Fiona Sutherland (The Mindful Dietitian) proposed mindfulness is a game changer for dietitians. Mindfulness is about cultivating a present moment awareness, non-judgmentally (E.g. tending to the garden, preparing food). As dietitians we can support our clients to cultivate a sense of curiosity about eating and food cues, with the aim that this curiosity and present moment awareness becomes the new natural process for our clients to the process of eating and responding to food, rather than disconnecting and pushing internal cues aside.  In turn, allowing clients to respond rather than react and explore what is happening for them in the present moment.

Incorporating lessons in brain anatomy Fiona highlighted how we can support clients to develop their mindfulness muscle, allowing them to calm down their reactive, default, fear-based response driven by the amygdala. Using mindfulness to modify behaviour clients start to become more attuned and can change their eating behaviour and improve their health and well-being.

Clare Collins advocated as APDs we are the only health professionals who can provide evidence based advice on food and nutrition and we don’t want to miss that opportunity, our professional code of conduct indicates we take an evidence-based approach to our practice. We have a range of tools and strategies that can be used to support our clients to be the healthiest they can be. The challenge is to balance the level of energy restriction versus potential adherence. The 5 As provide a foundation to map an approach and help clients achieve an optimal outcome and can help people achieve the most realistic healthy eating patterns they can live with will improve their health.

Understanding and knowing how to work with the different personality types of clients was the designed thinking proposed by Melanie McGrice.  If we can understand clients personality and communication style – more specifically their levels of responsiveness and assertiveness we are better positioned to utilize the right tools for our clients, whether their personality is more amiable, analytical, a driver or expressive. The reinforcement that medical nutrition therapy needs to be individualized and guided by evidenced based practice.

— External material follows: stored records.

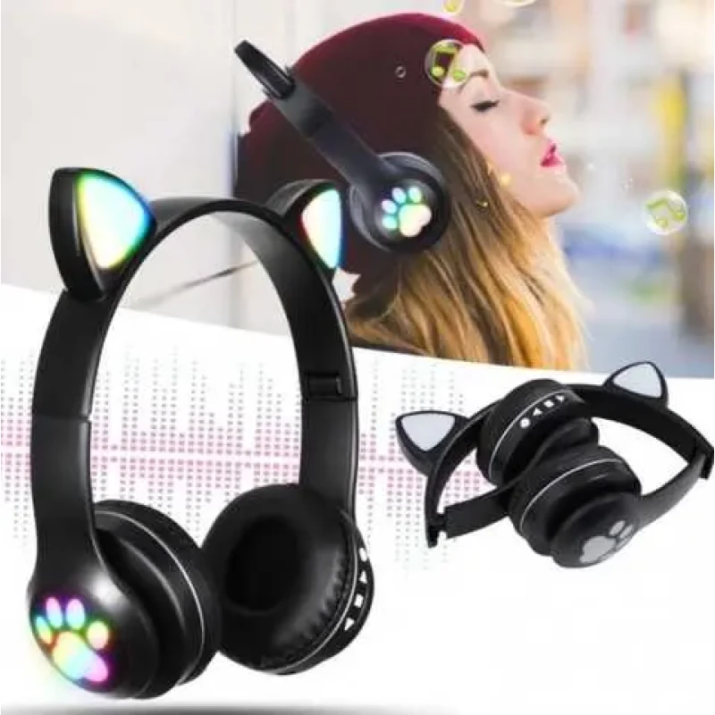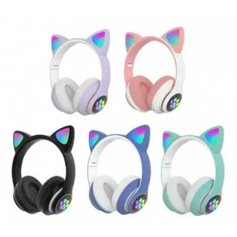 Безпровідні дитячі MP3 Навушники з Вушками з підсвічуванням + підтримка MicroSD з FM-Радіо Cat Ear STN-28 Bluetooth
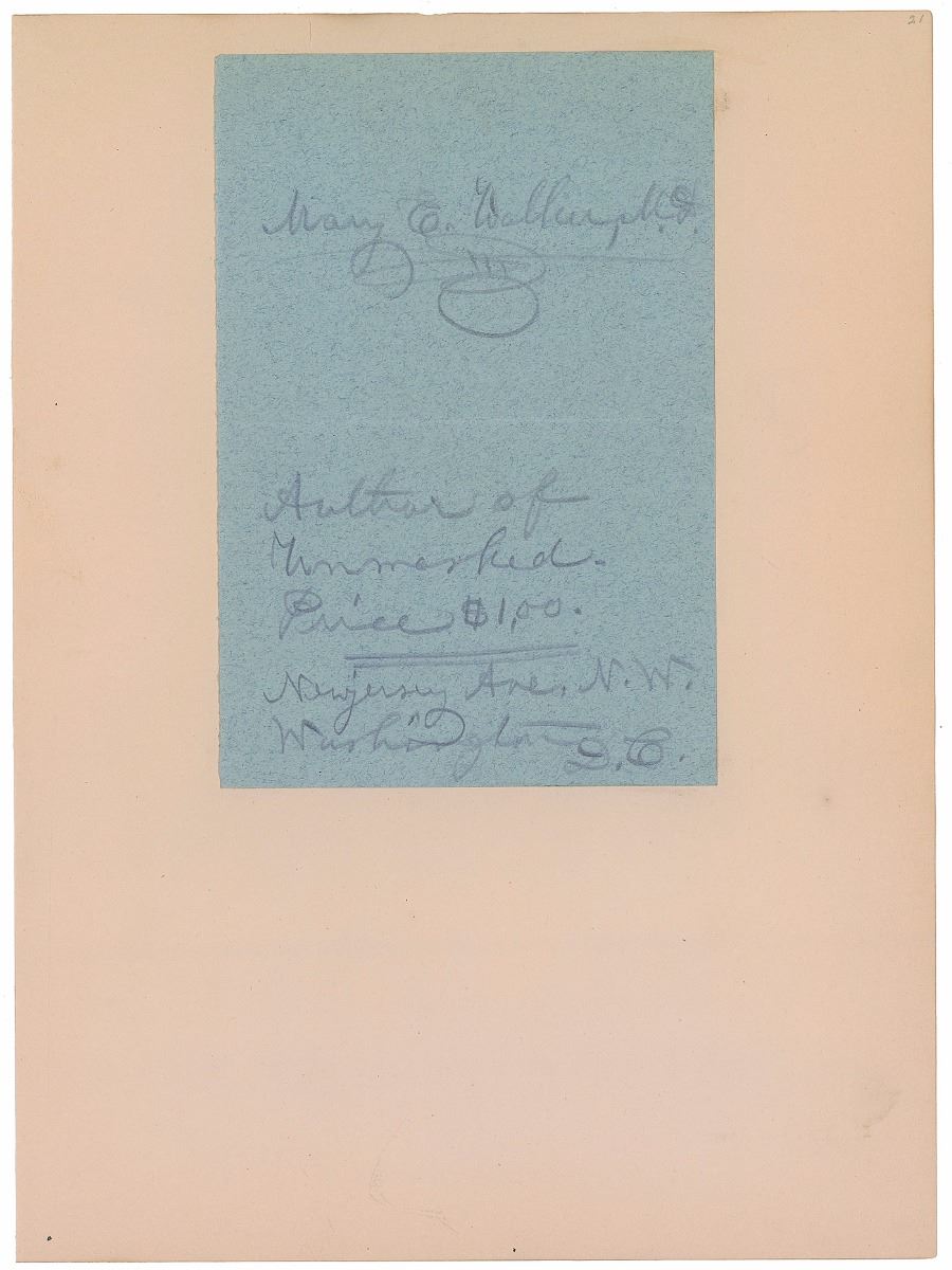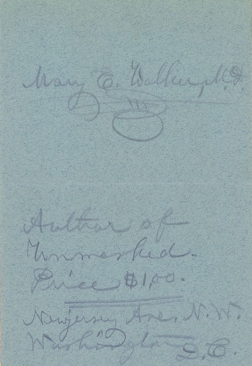 Physician and feminist (1832–1919) who served as an assistant surgeon during the Civil War, was imprisoned by the Confederates, and won a Congressional Medal of Honor for Meritorious Service. Pencil signature, “Mary E. Walker, M. D., Author of Unmasked, Price $1.00, New Jersey Ave. N. W., Washington, D. C.,” on a blue 4 x 6 sheet affixed to a 7.5 x 10 sheet. In fine condition.
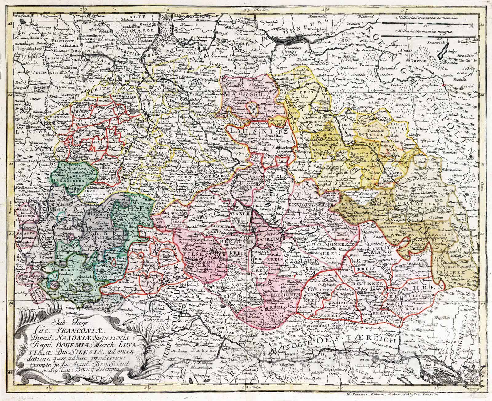 Czech Republic, Europe, Central 1753 Tab: Geogr: Circ. Franconiae Dimid. Saxoniae Superioris Regni Bohemiae

Reflecting on one of her bariatric clients, Melanie conveyed the serious struggle of someone who can’t participate in life because of their disease (Obesity) and for this patient wellbeing actually means focusing on their weight.

As a new graduate dietitian, I appreciate the complexity of health and wellbeing. What I took away from the presentations and discussion (on a highly emotive topic) was a shift in perspective and awareness of all the tools I have available to me as a dietitian – there is no one size fits all approach. We are trained with the skills to interpret and translate the evidence and our clients are all individuals who come into our care at very different stages of their lives.  Clients have the right to safe, effective treatment that will optimize their health and wellbeing. What this looks like we can’t predetermine as a clinician – all we can do is empower the client with the knowledge they need to make an informed decision, respect the clients goals for their health care and be aware of the tools in our toolbox and when we don’t have the right tools for the client, knowing the most appropriate referral streams to best support the client.

Dietitian Connection excelled yet again at inspiring dietitians to think outside the square and demonstrated their commitment to promoting excellence and leadership in dietetics and supporting dietitians to achieve their dreams.